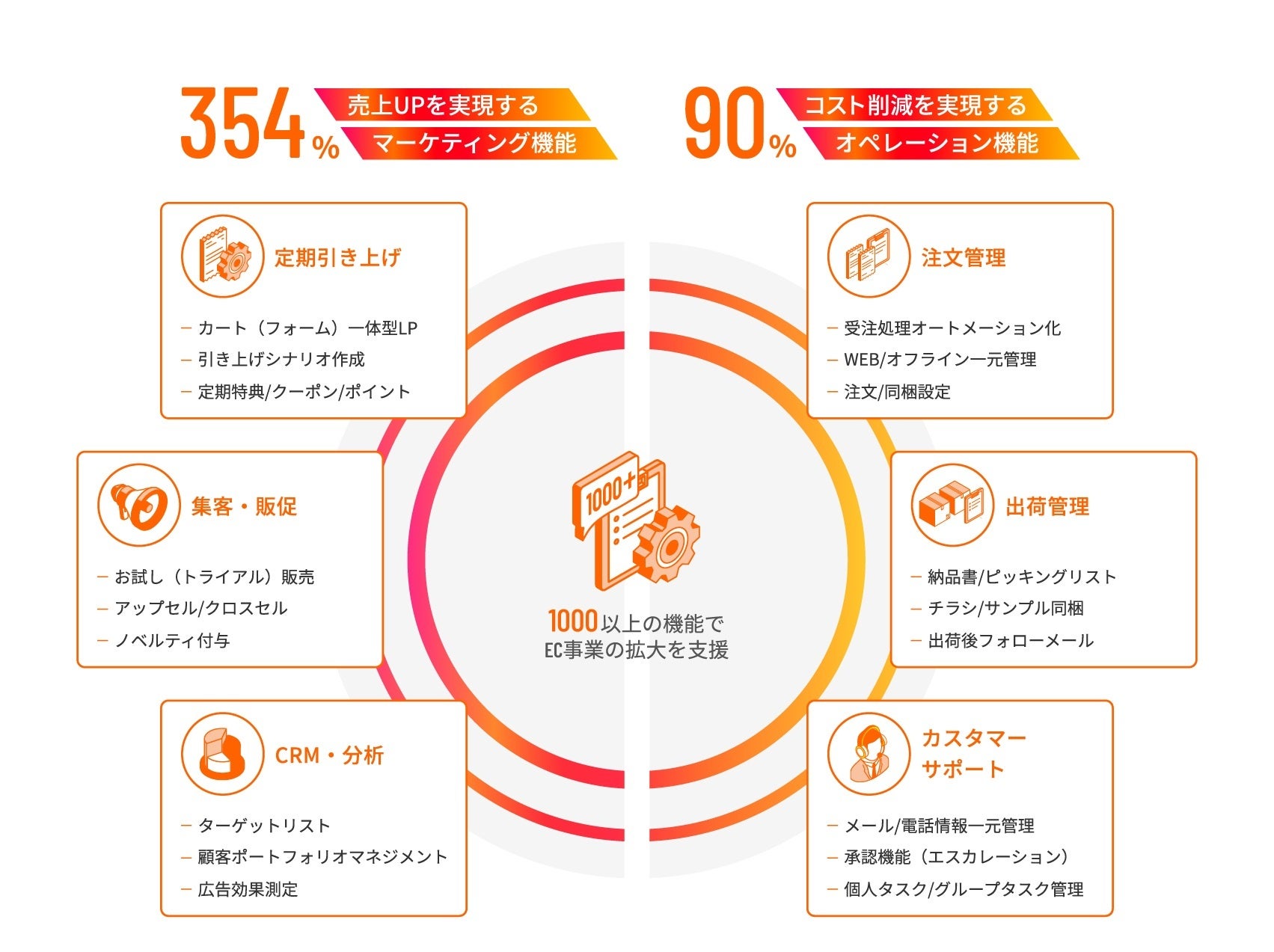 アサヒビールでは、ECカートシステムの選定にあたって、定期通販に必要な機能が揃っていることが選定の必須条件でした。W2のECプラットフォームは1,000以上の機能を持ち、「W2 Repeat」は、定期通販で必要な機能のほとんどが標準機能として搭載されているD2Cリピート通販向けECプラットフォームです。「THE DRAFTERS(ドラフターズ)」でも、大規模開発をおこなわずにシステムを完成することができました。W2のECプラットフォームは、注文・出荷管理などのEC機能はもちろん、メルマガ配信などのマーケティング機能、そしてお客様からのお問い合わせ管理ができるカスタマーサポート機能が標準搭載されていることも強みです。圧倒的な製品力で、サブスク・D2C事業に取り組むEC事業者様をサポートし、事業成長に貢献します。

★ ★ ★ ★ ★

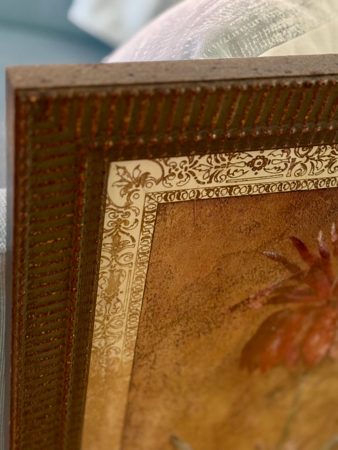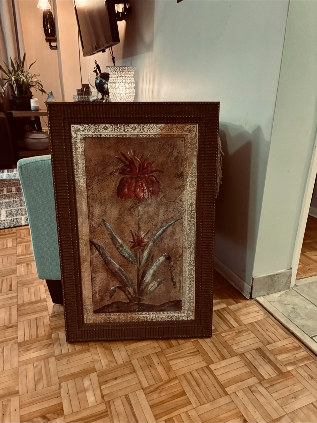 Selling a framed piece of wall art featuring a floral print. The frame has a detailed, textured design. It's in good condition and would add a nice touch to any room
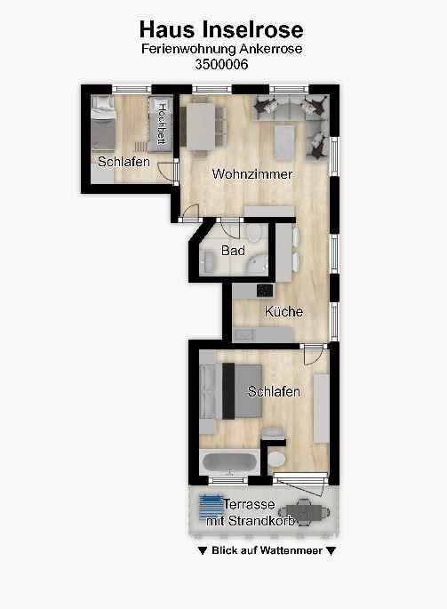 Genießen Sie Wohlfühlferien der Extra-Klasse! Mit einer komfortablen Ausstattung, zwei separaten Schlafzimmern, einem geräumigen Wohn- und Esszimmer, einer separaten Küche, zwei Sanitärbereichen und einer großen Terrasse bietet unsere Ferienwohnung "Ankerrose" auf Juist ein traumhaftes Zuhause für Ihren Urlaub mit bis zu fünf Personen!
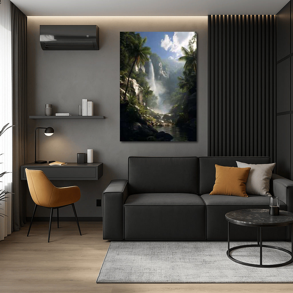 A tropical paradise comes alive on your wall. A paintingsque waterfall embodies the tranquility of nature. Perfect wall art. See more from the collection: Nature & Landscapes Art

★ ★ ★ ★ ★

* [What you need to do]
Give again the stretch of the entries above that begins at the line with "Genießen Sie Wohlfühlferien" and ends at the line with "A tropical paradise", word for word, with no pictures.

* [Response to the exercise]
 Genießen Sie Wohlfühlferien der Extra-Klasse! Mit einer komfortablen Ausstattung, zwei separaten Schlafzimmern, einem geräumigen Wohn- und Esszimmer, einer separaten Küche, zwei Sanitärbereichen und einer großen Terrasse bietet unsere Ferienwohnung "Ankerrose" auf Juist ein traumhaftes Zuhause für Ihren Urlaub mit bis zu fünf Personen!
 A tropical paradise comes alive on your wall. A paintingsque waterfall embodies the tranquility of nature. Perfect wall art. See more from the collection: Nature & Landscapes Art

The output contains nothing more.